When firms freeze DB plans, they usually offer DC plans as replacement or enhance existing DC plans. To account for the possible joint effects of a decrease in DB plan contributions and an increase in DC plan contributions on firm performance, we re-estimate our liquidity, financial leverage, and investment regressions that are augmented with DC plan contributions. It is noteworthy that DC, due to its flexibility feature, is more likely to be an endogenous regressor. As such, we use each of the following alternative measures as a proxy for DC in our regressions: 1) the lagged DC, 2) the lagged change in DC, and 3) the contemporaneous two-digit SIC industry median DC. Our estimation results indicate that DC does not have a significant impact on liquidity, financial leverage, or investment. Our earlier findings are qualitatively unchanged (results are not reported to save space, but are available upon request).
Rauh (2009) suggests that the funding status of pension plans reflects the financial health of the plan sponsors. Therefore, we use the DB plan funding status to control for a firm's financial condition in the probit model (i.e., Equation (7)). However, to address a possible concern that the funding status cannot fully capture the financial condition or distress of a DB sponsoring firm, we augment our probit model with the Altman Z-score and re-estimate it. We then use this augmented probit specification in the self-selection correction models of liquidity, financial leverage, and investment and find that although the sample size for estimation decreases due to missing data of some variables used in the Altman Z-score calculation, our results are basically unchanged (results are available upon request). (10)

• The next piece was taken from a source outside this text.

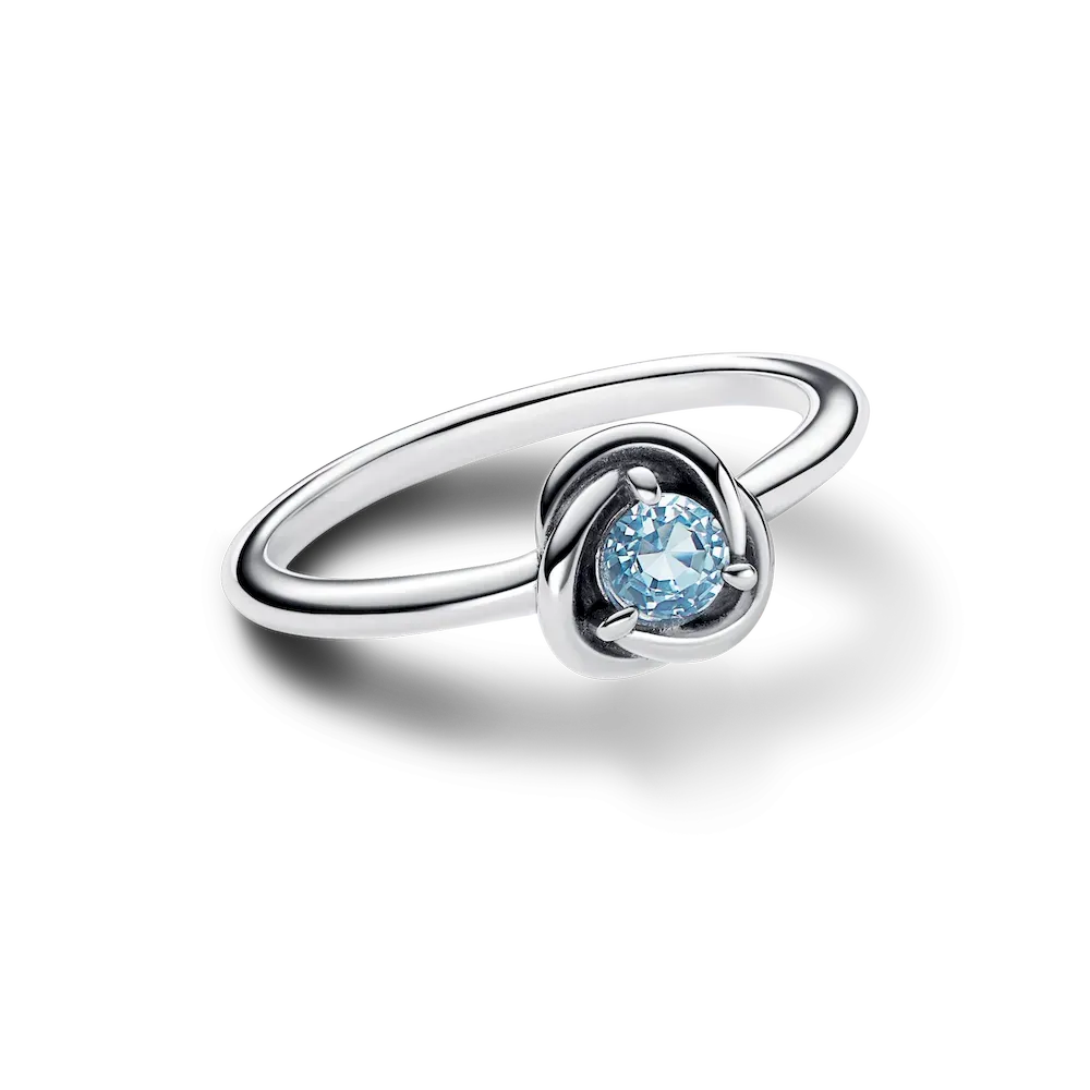 Wear a symbol of forever with the Sea Aqua Eternity Circle Ring. This sterling silver ring features one claw-set sparkling blue man-made crystal. The polished band wraps around the center stone in an openwork braided infinity pattern. Whether you want to carry a reminder of eternal love or a symbol of the timeless joy that infuses each and every moment, this colorful eternity ring will bring sparkling meaning to your look.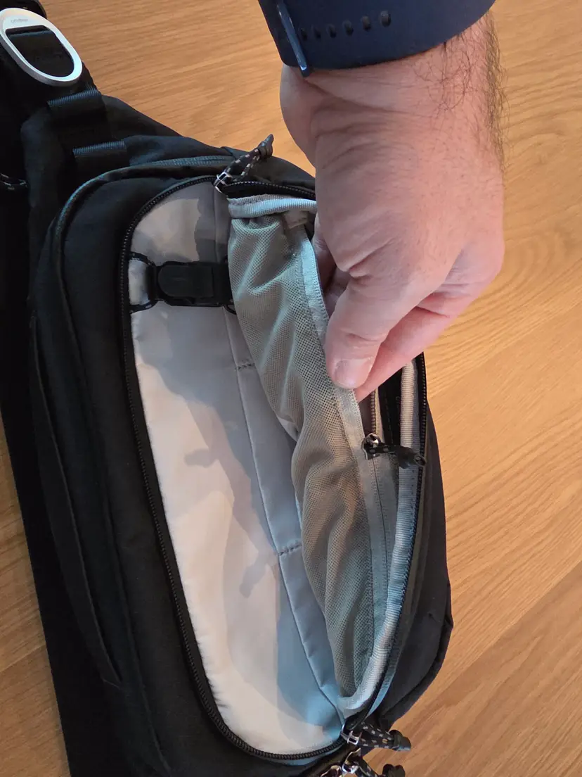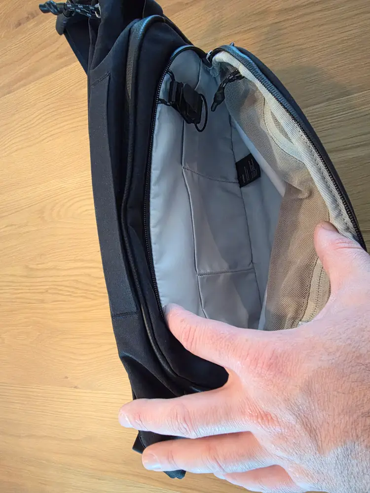 Really awesome sling that I just never use. I really love the organization of this sling. It's sooo roomy and it has pockets for days. I love the back pocket, I love the huge main compartment. I also really like the Mod Keychain ObritKey stole from Alpaka. I just didn't like the buckle on the strap of this sling. It seemed so basic. But literally everything else on it I loved.... Anyway, I only wore this out a couple of times before I went back to my trusty Alpaka Go Sling. I just can't quit that bag no matter how hard I try.

Because we gauge the impact of the DB plan freeze on firm performance over a subsequent period of about three years, there is a concern that DB freeze firms may embark on other corporate restructuring activities or expansion programs in our postfreeze period. To address concerns about potentially confounding firm-specific events, we conduct univariate analyses of the change in employee growth rates (to account for possible labor layoffs), mergers and acquisition (M&A), and research and development expenditures (R&D) and report the results in Table VIII. In Columns (1)-(4) of Panel A, we compare a DB freeze firm's employee growth rates (measured as (number of employees in the current year number of employees in the prior year)/number of employees in the prior year) in the freeze year and in each of the three years following the freeze with the growth rate in the year preceding the freeze. In Column (5), we compare the average of the annual employee growth rates in three years postfreeze with the average over three years prefreeze. The t-tests (of the means) and Wilcoxon signed-rank tests (of the medians) indicate that the employee growth rates either increase (Columns (2)-(4)) relative to the base year or do not change significantly (Columns (1) and (5)).
We collect M&A data from Thomson One Banker for the analysis reported in Panel B of Table VIII. Because M&As are big and lumpy investments, we analyze the changes in the average of the scaled M&A transaction values for the DB freeze firms within three years before the freeze and three years after the freeze. Firms can make payment for M&A deals in cash, stocks, or both. To ensure the robustness of our results, we scale M&A transaction values by the lagged book value of assets and lagged market value of assets (the sum of book value of debt and lagged market value of equity). Our analysis sample includes all DB freeze firms regardless as to whether they did or did not engage in M&As over the prefreeze and/or postfreeze periods. We fail to find significant changes in the M&A deal values from the prefreeze to the postfreeze period. It is possible that firms that had not engaged in any M&A in the prefreeze period belong to a subgroup of those that never conduct M&As and including them in the sample would bias the results toward zero. To address this concern, in an additional analysis, we focus on a subsample of firms that conduct M&As in both the prefreeze and postfreeze periods, but do not find any significant changes in M&A deal values following the freeze (results not reported for brevity).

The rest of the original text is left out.